Have any comments or questions or feedback? Just reply to this posting and I'll get back to you!
Replies
Ughhhhh. This is a cool technique but I wouldn't rely on it too much.
Please don't do this if you have time to sculpt it on an actual high resolution mesh. If you don't have time then you should punch somebody square in the dick and tell them you need more time if you want any kind of quality to the art (and normals/AO)
Need to Frankenstein the shit out of an existing texture by putting a bunch of stitches on it? This technique is probably a decent solution, especially if you're just doing overlays of small details.
Ceebee, u are absolutely right about having time to sculpt on a real mesh, but when time is an issue, which happens in tight development cycles, and your not a fan or painting normal maps from scratch, then this is a viable option.

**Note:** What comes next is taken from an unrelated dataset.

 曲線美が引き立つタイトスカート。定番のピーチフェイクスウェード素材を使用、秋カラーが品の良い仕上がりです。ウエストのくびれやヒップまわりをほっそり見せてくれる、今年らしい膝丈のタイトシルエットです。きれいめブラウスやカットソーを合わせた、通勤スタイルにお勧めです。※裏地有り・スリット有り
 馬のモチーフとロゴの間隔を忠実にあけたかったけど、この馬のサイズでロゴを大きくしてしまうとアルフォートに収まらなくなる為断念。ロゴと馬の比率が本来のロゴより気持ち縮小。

Not to mention, you need to download a specific Material for ZB for this to be shown 'correctly'? That's kinda risky, especially on some workstations, you can get a ZB fart and get the old material loaded instead of the new one.
I mean it doesn't look faster compared to what an afternoon or two will net you, complete with cage and baking included correctly for your final renderer.

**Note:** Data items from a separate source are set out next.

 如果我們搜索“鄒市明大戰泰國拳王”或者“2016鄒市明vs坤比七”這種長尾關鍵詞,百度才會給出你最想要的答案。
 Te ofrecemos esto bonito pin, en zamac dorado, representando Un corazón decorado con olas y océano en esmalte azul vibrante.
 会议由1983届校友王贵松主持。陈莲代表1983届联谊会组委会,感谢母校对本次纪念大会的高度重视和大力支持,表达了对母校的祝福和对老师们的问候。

I might as well say this, use NDo2 if you're going to do something like this, you will get both a previewer with the mesh, able to generate several maps, and have access to all the information needed in real-time.
The Average character on my project takes about 12-18 days to create. Sometimes a producer will ask you to take the existing geometry and quickly do a completely new design in 3 days. This technique is mainly meant to be used in these circumstances. Of course it is not meant to replace high poly modeling at all.

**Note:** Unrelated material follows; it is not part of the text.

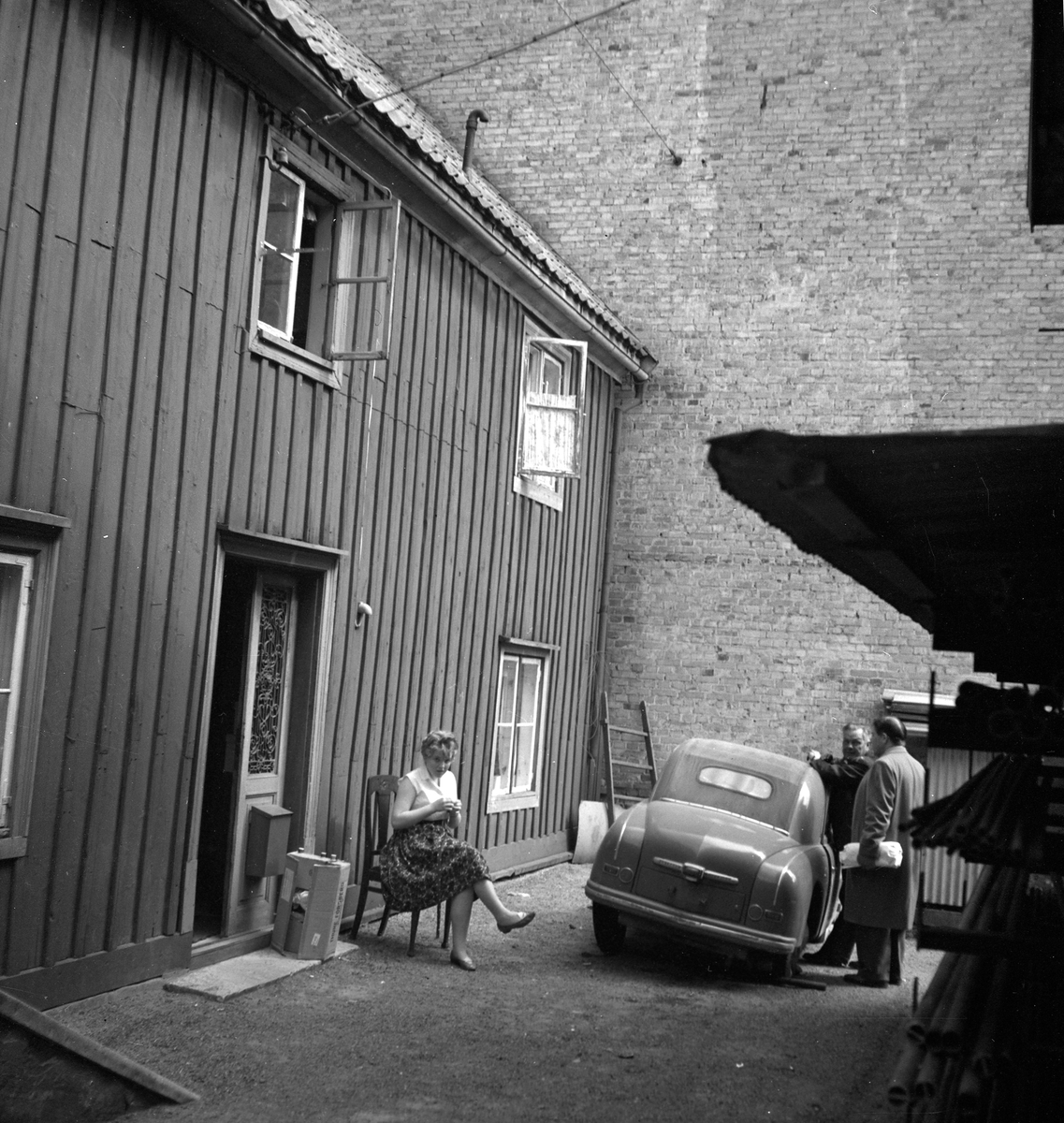 En bakgård vid Smålandsgatan i Jönköping. På stolen sitter Inga-Britt Friman, innehavarinna av Ajax hattaffär. Vid bilen står bilförsäljare Oscar Jonsson och Jönköpingsprofilen Häggman med ett paket under armen. Till höger syns delar av Elander & Lundbergs järnlager.

As for NDO2, I have it here and I use its conversion function all the time (for cavity, AO...), but I feel the painting normals aspect to be very stiff and procedural. Again that's just IMO, I would always rather sculpt it in Zbrush, and if my time budget doesn't allow for that, then I go to this technique which uses the same tools i would use normally to get great results at a 3rd of the time.
Hope that helps clarify. And thanks again for the feedback!
on a second note, you may be able to cut out a few steps by importing your lowpoly Uv'd mesh in to Zbrush, do "groups by UV", then using UV Master to create your flat layout.
If you subdivide before flattening, you should be able to switch back and forth between flattened and unflattened to review your details and fix the seams.
edit, and thanks for sharing!
And, sometimes existing unwrapping can no match with your goals. For instance, torso is divided into two UVs with different sculp, colour etc. But, you need the sculpt to be equal across the torso, to make it kinda single part. That can be complicated, no?